Our 5 year old? 10.8kW Electric shower decided to die this week. I have bought a replacement 10.8kW shower and have a few questions regarding its installation.
The original 10.8kW shower was fitted in 2002/2003 when we had our bathroom replaced. We had a new circuit installed for it as we did not previously have an electric shower.
1) Am I allowed to replace the old shower with the new myself or will I be breaking "Part P" of the Building Regulations?
If am not allowed then end of questions, time for a phone call.
However if I can replace it myself I shall continue...
The circuit installed for our shower is as expected -almost: 10mm cable, 30mA RCD and the confusing part a 40A fuse.
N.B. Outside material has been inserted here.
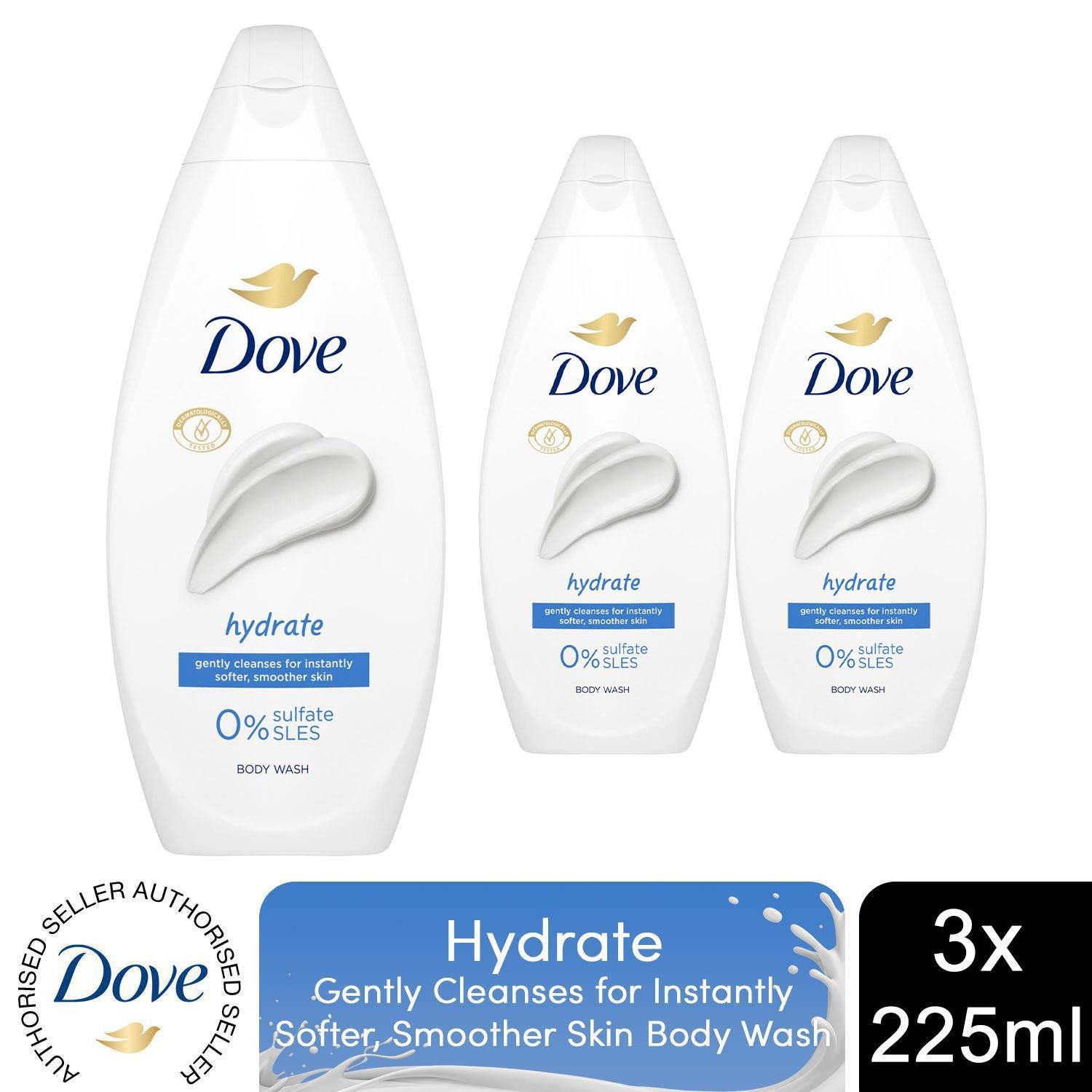 Dove Hydrate Body Wash 0% Sulfate SLES for Softer & Smoother Skin 225ml, 3 Pack

I found the original install requirements for the old shower and everything checks out except the 40A fuse, the installation manual indicated a 45A fuse should have been installed for the 10.8kW shower model. The new shower also wants a 45A fuse to be present.
2) Will the new shower be able to work with this fuse too?
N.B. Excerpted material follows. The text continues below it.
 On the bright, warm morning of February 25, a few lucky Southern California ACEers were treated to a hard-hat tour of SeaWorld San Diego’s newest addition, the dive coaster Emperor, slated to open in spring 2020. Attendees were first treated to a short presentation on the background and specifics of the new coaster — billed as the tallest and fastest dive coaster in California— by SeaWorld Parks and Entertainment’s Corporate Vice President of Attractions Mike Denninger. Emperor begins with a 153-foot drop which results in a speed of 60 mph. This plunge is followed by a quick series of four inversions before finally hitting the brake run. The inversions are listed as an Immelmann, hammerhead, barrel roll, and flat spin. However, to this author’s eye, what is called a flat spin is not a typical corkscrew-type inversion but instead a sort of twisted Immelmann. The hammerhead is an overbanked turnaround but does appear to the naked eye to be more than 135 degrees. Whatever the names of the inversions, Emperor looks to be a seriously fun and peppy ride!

3) What is the worst that can happen? I connect everything up as per instructions, turn the shower on and the fuse trips. Time for the original phone call...
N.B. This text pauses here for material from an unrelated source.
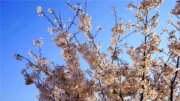 園里的櫻花,就像一位嬌羞的姑娘含苞待放,紅中透著粉,粉里帶著紫,每一朵都牽動(dòng)人心。
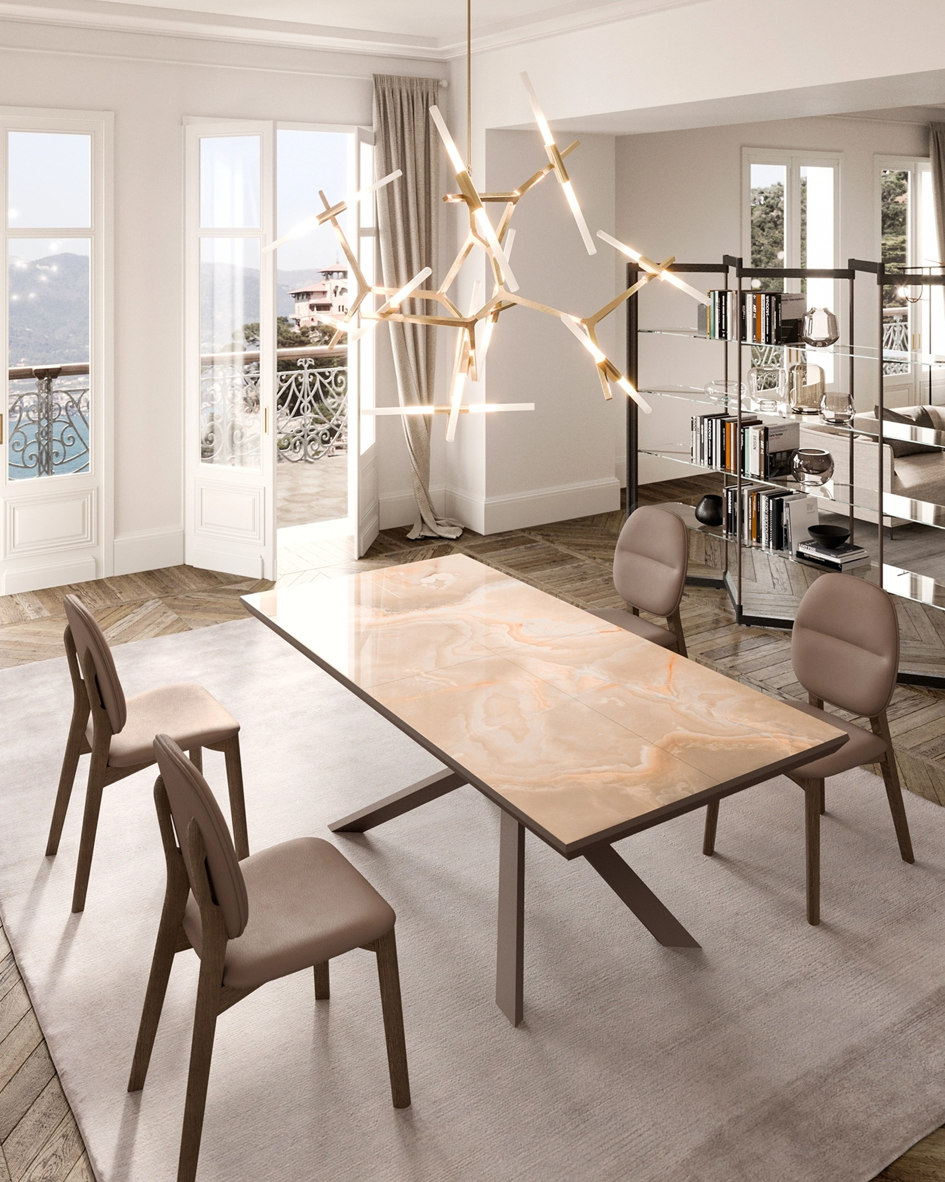 Tavolo 4x4 Allungabile Marble Glass

Thanks in advance for any help and advice you can give me.
There is a link to Part P in projects where you can read for yourself. Bathroom is considered special location but page 8 says replacement is generally not notifiable even if carried out in special location. As to if you feel you can do this with the skills you have is not something I can answer. I hate that generally what is wrong with yes or no I don't know? which is why I can't say yes or no but I know what I would do!
As to 40 amp fuse there is a time curve and unless you take hour long showers it should be OK. If it was a trip then they act faster but worse that can happen is it will trip.
I am fairly confident with my DIY skills. Before Part P came in I was happy to tackle most DIY electrical work myself with a bit of research into the specific requirements for each job.
When I said 40A fuse I actually meant a 40A mcb.
I just don't want to be breaking any regulations by replacing the shower myself.
Am I right in thinking that if once fitted the 40A mcb keeps tripping (sounds like that will be quite possible) then I would need to get an electrician to replace the 40A mcb with an 45A mcb as that would be considered a consumer unit replacement, therefore, notifiable.